WORK ITEM:
Only the lines from the one bearing "Usando la conocida" through the end of the listing belong in your response, restated word for word and without pictures.

DATASET SECTION:
..............................
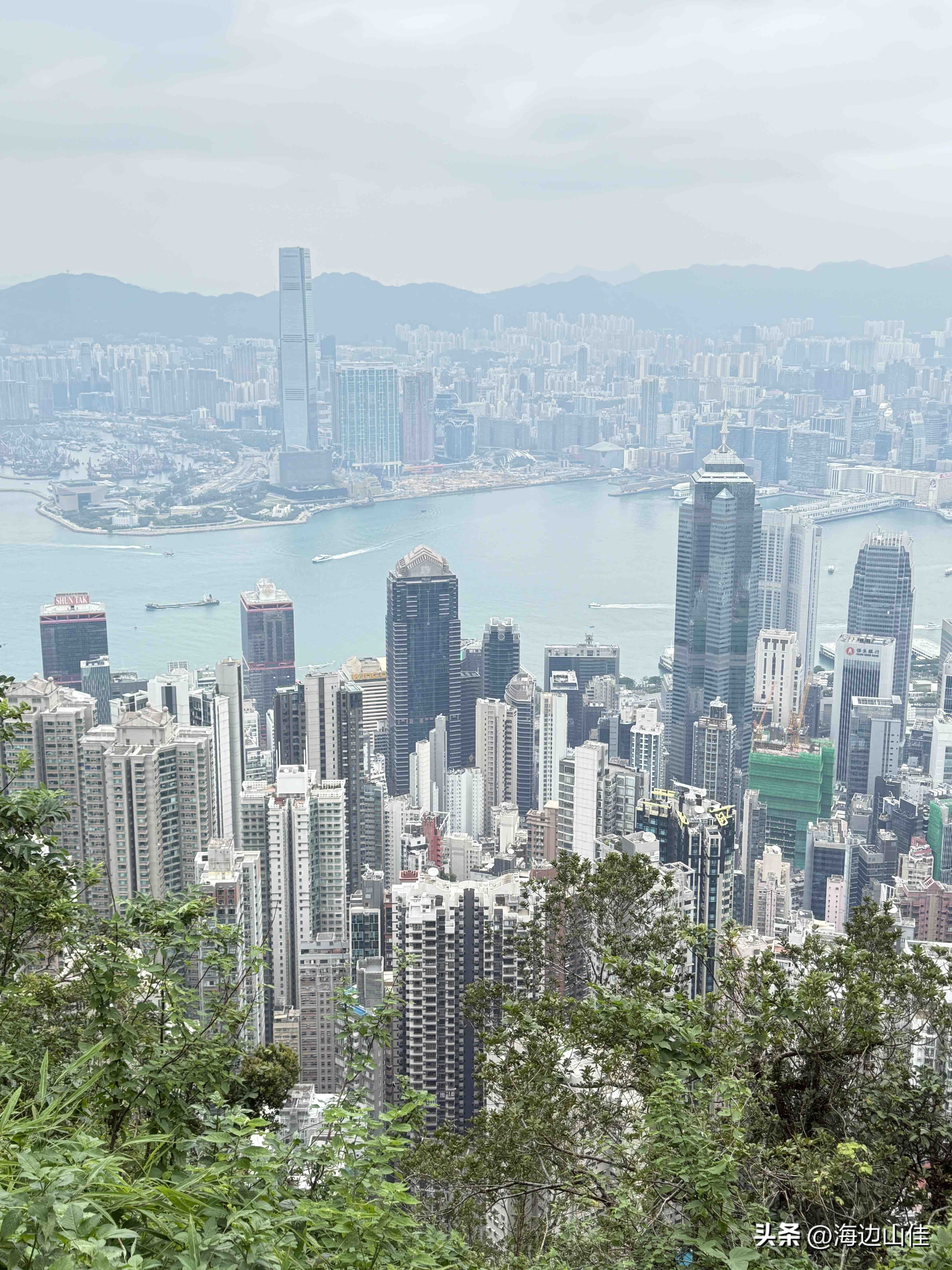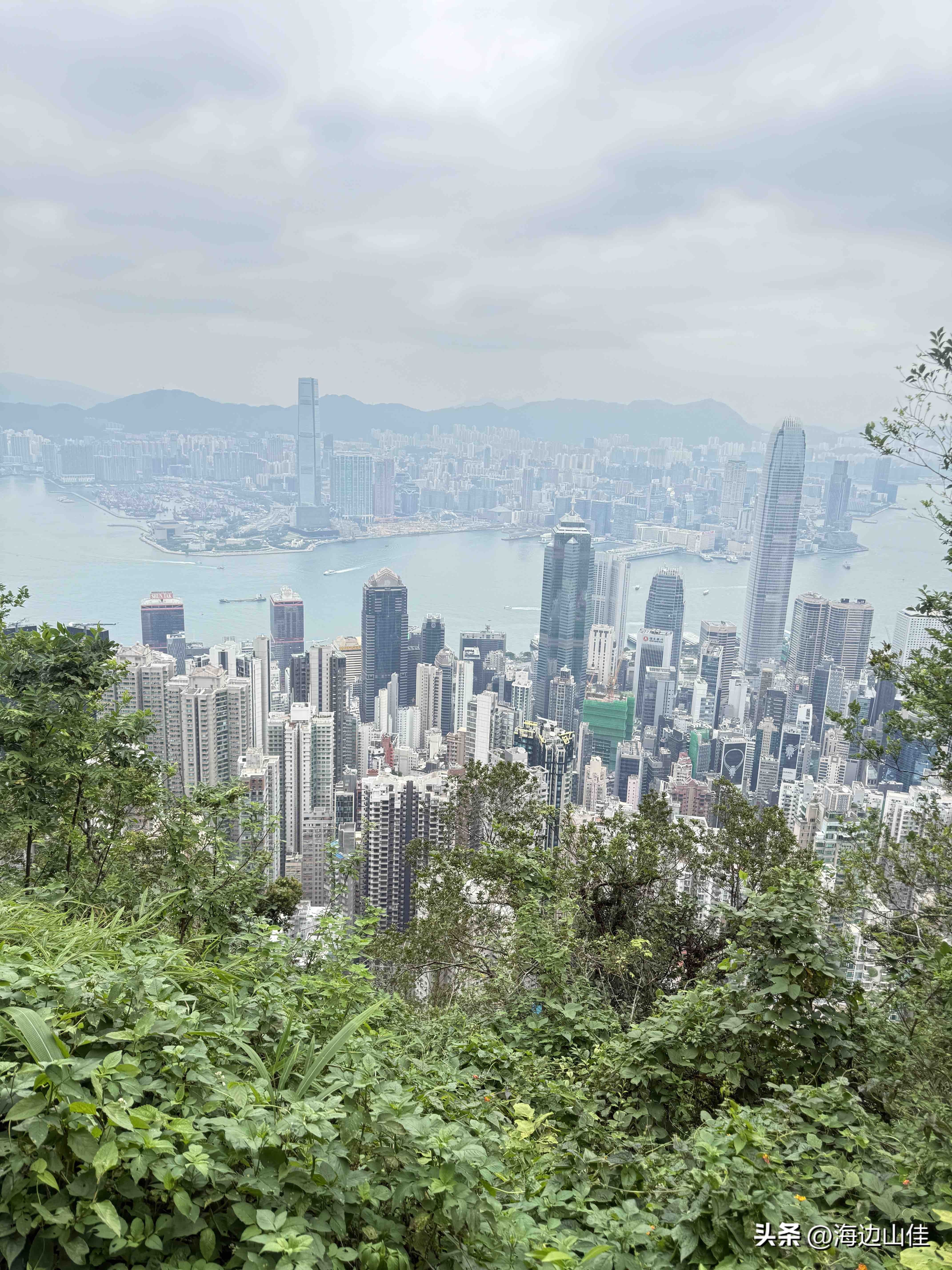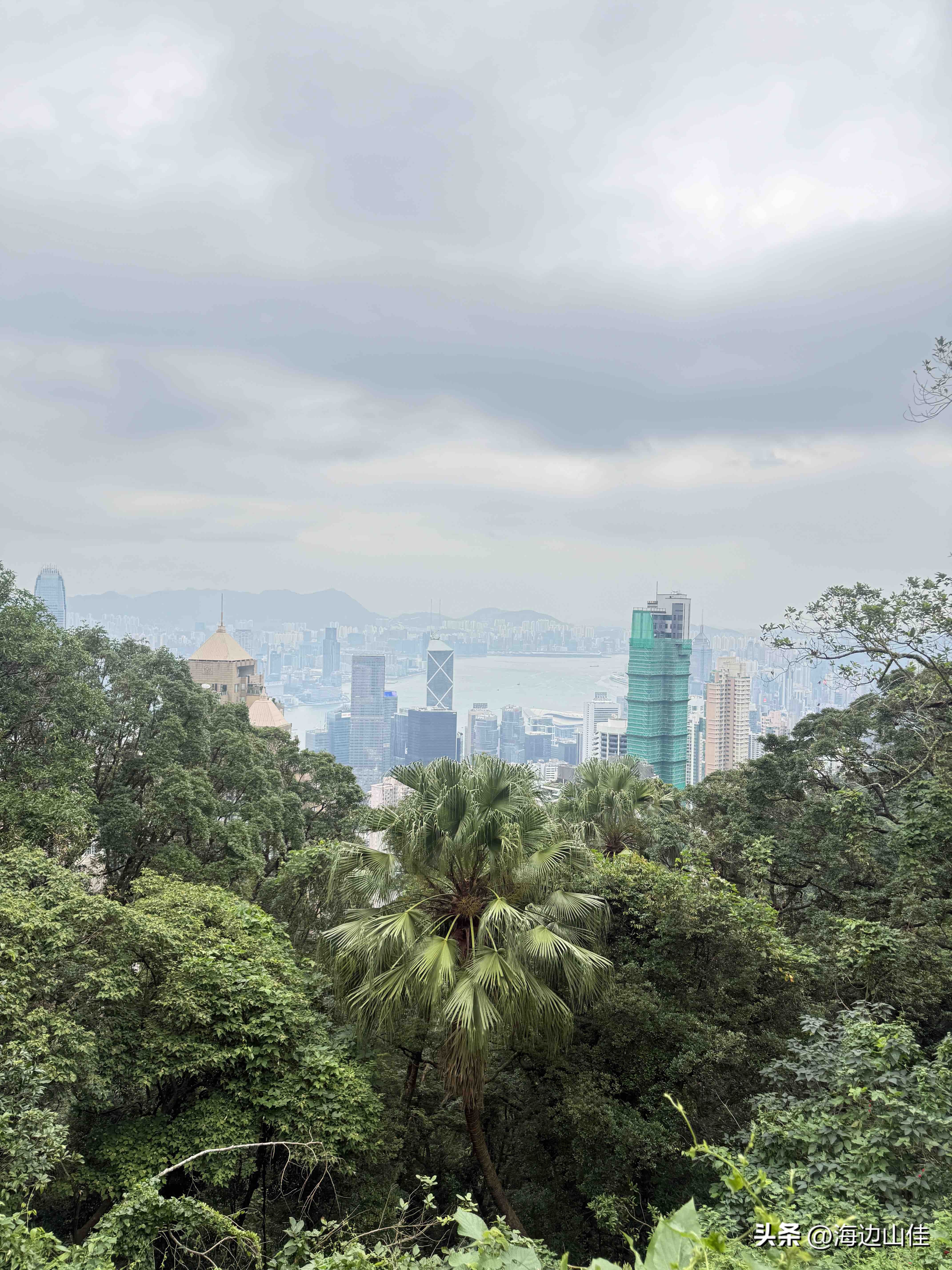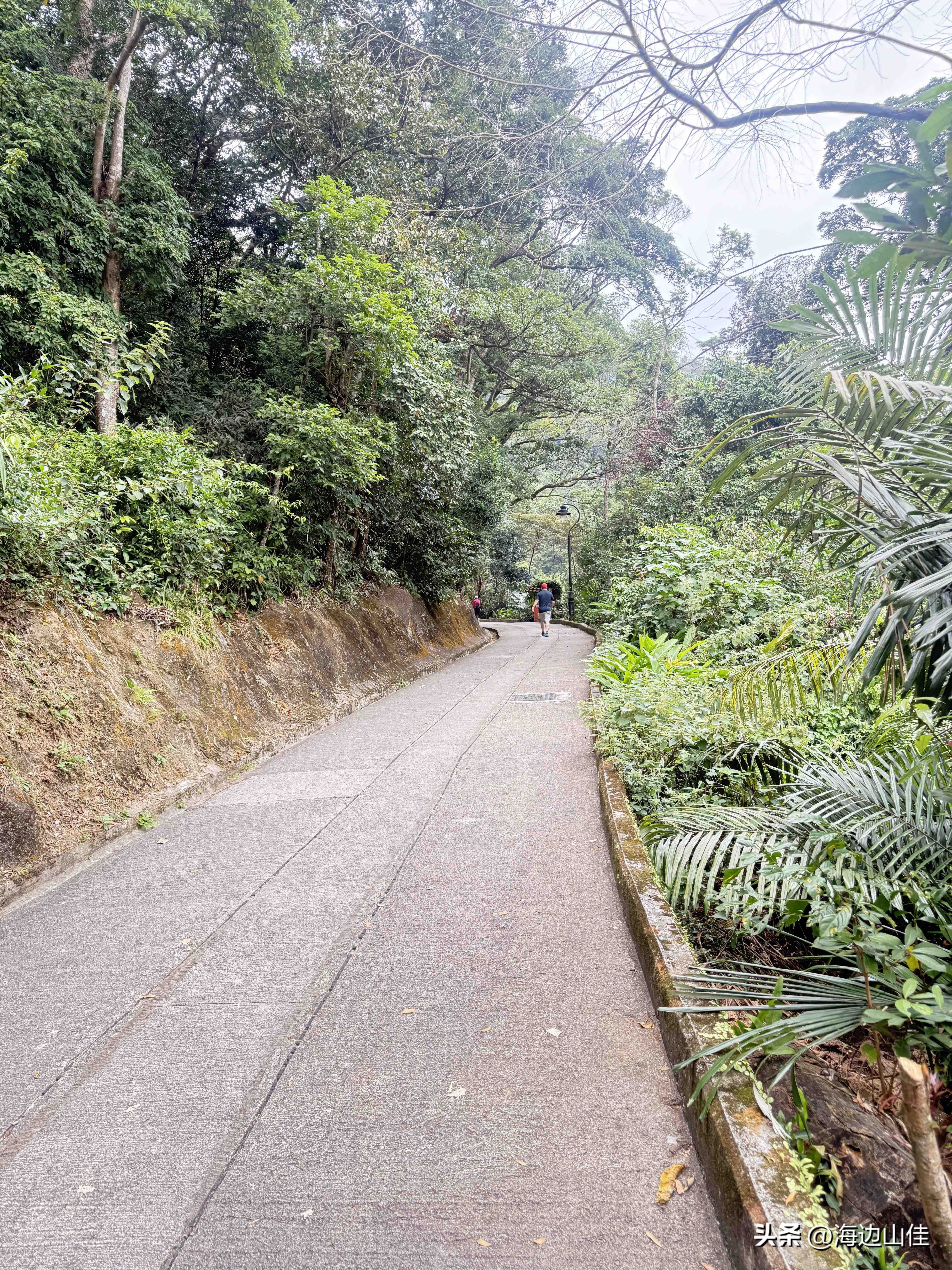 昨天是周末,我们夫妻二人准备了徒步的装备,带了拐杖水和遮阳帽一大早从深圳来到了香港的中环,然后从这里出发,沿阶而上,路过兰桂坊,走出市区,步行沿着旧登山道开始爬太平山,以前我们也多次来到过这里,但每次都是选择坐大巴或是坐缆车上去的,这次之所以选择步行,是想慢慢欣赏一下途中的风景,呼吸下山林中新鲜的空气,的确我们这一路上行,山中树木茂盛、郁郁葱葱、遮天蔽日,人也不很多,空气很好,小路蜿蜒曲折,都是坡路,也很少有台阶,走起来一点不吃力,非常不错,外加沿途还有著名的香港半山豪宅区,看着很普通的一个个小房子,差不多都价值上亿,据说香港的大部富豪们都住在此地,我们到此一游,也算见识到了什么是豪宅,走了近一个半小时,我们到了山顶的缆车站、凌霄阁和山顶广场,这里的风景更是震撼,整个维多利亚港,中环高楼嶙立的金融商业区,甚至整个香港都尽收眼底,美轮美奂,绝对是拍照的绝佳地点,虽然今天有点天公不作美,不算是个大晴天,但还好景色也都看得清,我们也是一通过瘾的拍照。
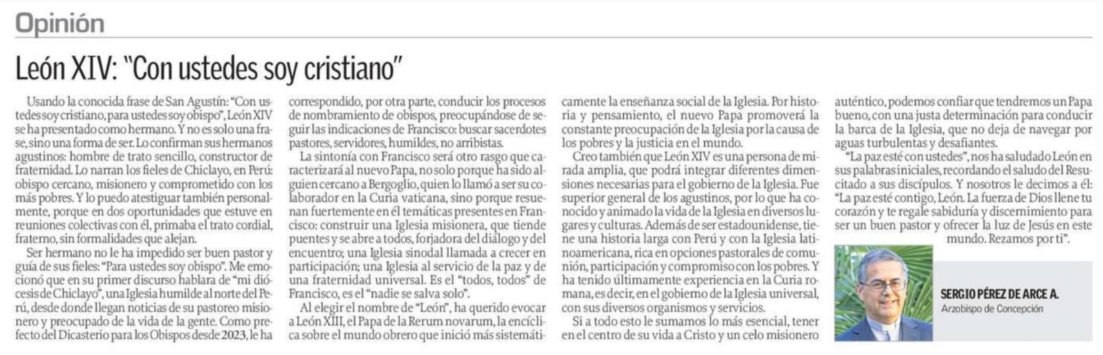 Usando la conocida frase de San Agustín: “Con ustedes soy cristiano, para ustedes soy obispo”, León XIV se ha presentado como hermano. Y no es solo una frase, sino una forma de ser. Lo confirman sus hermanos agustinos: hombre de trato sencillo, constructor de fraternidad. Lo narran los fieles de Chiclayo, en Perú: obispo cercano, misionero y comprometido con los más pobres. Y lo puedo atestiguar también personalmente, porque en dos oportunidades que estuve en reuniones colectivas con él, primaba el trato cordial, fraterno, sin formalidades que alejan.
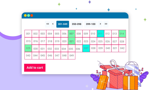 Let clients select a lucky ticket number on the product page, participating interactively in your giveaway lottery for WooCommerce.
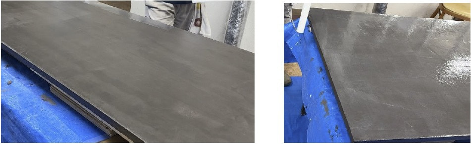 ※研磨をすることによって、濃淡がより分かりやすくなります(鏝押さえよりもくっきり出ます)。若干の艶が出る仕上がりになります。艶に関しては、水に濡らしたタオルを固く絞り水拭きすると落ち着きます。
..............................
TASK ANSWER:
 Usando la conocida frase de San Agustín: “Con ustedes soy cristiano, para ustedes soy obispo”, León XIV se ha presentado como hermano. Y no es solo una frase, sino una forma de ser. Lo confirman sus hermanos agustinos: hombre de trato sencillo, constructor de fraternidad. Lo narran los fieles de Chiclayo, en Perú: obispo cercano, misionero y comprometido con los más pobres. Y lo puedo atestiguar también personalmente, porque en dos oportunidades que estuve en reuniones colectivas con él, primaba el trato cordial, fraterno, sin formalidades que alejan.
 Let clients select a lucky ticket number on the product page, participating interactively in your giveaway lottery for WooCommerce.
 ※研磨をすることによって、濃淡がより分かりやすくなります(鏝押さえよりもくっきり出ます)。若干の艶が出る仕上がりになります。艶に関しては、水に濡らしたタオルを固く絞り水拭きすると落ち着きます。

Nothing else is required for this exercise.